Prolonged diarrhea is usually defined as acute-onset diarrhea lasting 7 days or more, but less than 14 days. Its trend has been declining in recent years because of improvement in the management of acute diarrhea, which represents the ideal strategy to prevent prolonged diarrhea. The pathogenesis of prolonged diarrhea is multifactorial and essentially based on persistent mucosal damage due to specific infections or sequential infections with different pathogens, host-related factors including micronutrient and/or vitamin deficiency, undernutrition and immunodeficiency, high mucosal permeability due to previous infectious processes and nutrient deficiency with consequential malabsorption, and microbiota disruption. Infections seem to play a major role in causing prolonged diarrhea in both developing and developed areas. However, single etiologic pathogens have not been identified, and the pattern of agents varies according to settings, host risk factors, and previous use of antibiotics and other drugs. The management of prolonged diarrhea is complex. Because of the wide etiologic spectrum, diagnostic algorithms should take into consideration the age of the patient, clinical and epidemiological factors, and the nutritional status and should always include a search for enteric pathogens.
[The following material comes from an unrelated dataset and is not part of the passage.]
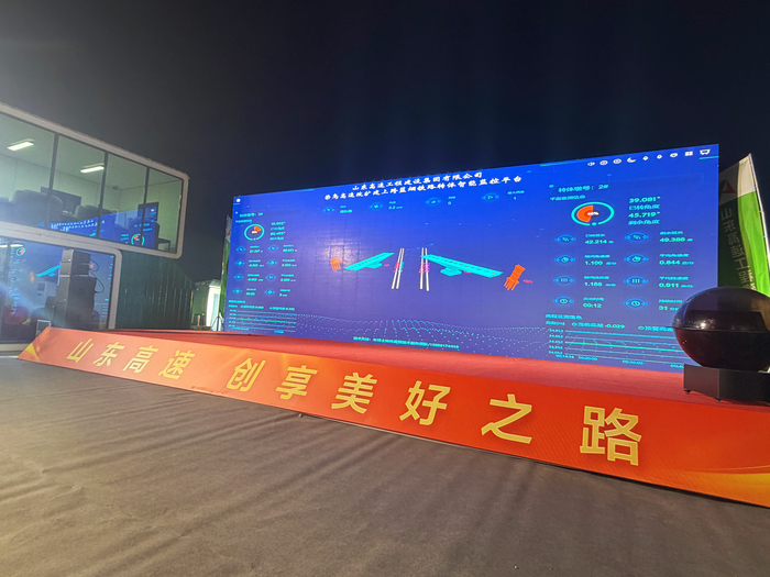 山东高速烟蓬公路有限公司副总经理滕建军介绍,监控平台可以实时显示转体的气象信息,如风速、风向,也可以动态展示梁体的姿态和标高的变化,还可以实时监测转体的关键参数,如线速度、角速度等变化。同时,引入AI语音智能播报技术,科技赋能,达到“转得动、转得稳、转得准”的预期目标。

Often, expensive laboratory evaluations are of little benefit in guiding therapy, and an empirical approach may be effective in the majority of cases. The presence or absence of weight loss is crucial for driving the initial management of prolonged diarrhea. If there is no weight loss, generally there is no need for further evaluation. If weight loss is present, empiric anti-infectious therapy or elimination diet may be considered once specific etiologies have been excluded.

Highlights

  • Introduction and contextDiarrheal disorders are a major health problem in pediatrics worldwide

  • Accounting for more than 750,000 deaths in children under the age of 5 per year, they are the second leading cause of death in this population according to the World Health Organization (WHO)[1]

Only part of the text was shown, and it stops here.